Pathological jealousy is usually associated with other mental illnesses such as schizophrenia, anxiety disorder, personality disorder (such as paranoid, dependent and borderline personality disorder). 

In the case of any mental illness, the person is already in a fragile state, which is a result of one's childhood experience. 

When a person does not trust someone in parenting in childhood, he/she suffers from insecurity and the fear of being alone works in him/her, which can make him/her jealous later on. 

These people suffer from inferiority complex and lack self-esteem due to lack of self-confidence. 

There is always a fear of moving away from people close to him/her.

 In addition, the departure or deception of a loved one in adolescence or adulthood can lead to mistrust and suspicion in a person, and it can also be due to extra anxious reasons, which lead to jealousy.

Remedy and prevention

Delusional jealousy is a type of psychotic disorder that is treated primarily through psychiatric medicine and obsessive jealousy is treated through cognitive behavior therapy and psychiatric medicine.

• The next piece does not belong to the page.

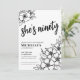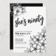 Floral Ninetieth Black White 90th Birthday Party Invitation. A fun but elegant 50th birthday party invitation with black and white flowers for the young at heart. Please note that the gold will not have any actual shine to it, it's simply a colour. A playful flower pattern frames a script typography "she's ninety" mixed with a more classic serif font. Celebrate ninety years of life with this beautiful botanical design. The fun part is you can change out ALL of the colours!! You can not only change the background colours and font, but you can change the lines for the flowers as well.

 In addition to psychiatric medicine, it is also treated through family therapy, couple therapy and individual therapy. 

Psychiatrists, clinical psychologists and counseling psychologists provide treatment for pathological jealousy.

Ways of remedy and prevention

  1. Trying to understand the partner's point, which seems to be pushing him away.
  2. Working to improve one's self-esteem and make oneself valuable to one's partner.
  3. Trying to understand the whole thing without any doubt centering on one thing.
  4. Expressing personal feelings directly to the person around whom jealousy is being created and discussing the problem openly.
  5. To be honest with each other, to show respect and to find out if there is any reason to doubt.
  6. Focusing on one's own work, caring for oneself and the people you love, and setting limits on the freedom of both.
  7. Improving the relationship by finding out if there are any gaps in the relationship and filling them.
  8. Learning to wait and control anger without any immediate negative emotional response.
  9. Giving the partner the opportunity to express his or her own views.
  10. Discuss issues or doubts with a trusted friend or well-wisher.
  11. Relax and practice mindfulness therapeutic techniques to calm and stabilize yourself.
  12. Taking the help of psychiatrists and clinical psychologists in the treatment of pathological jealousy.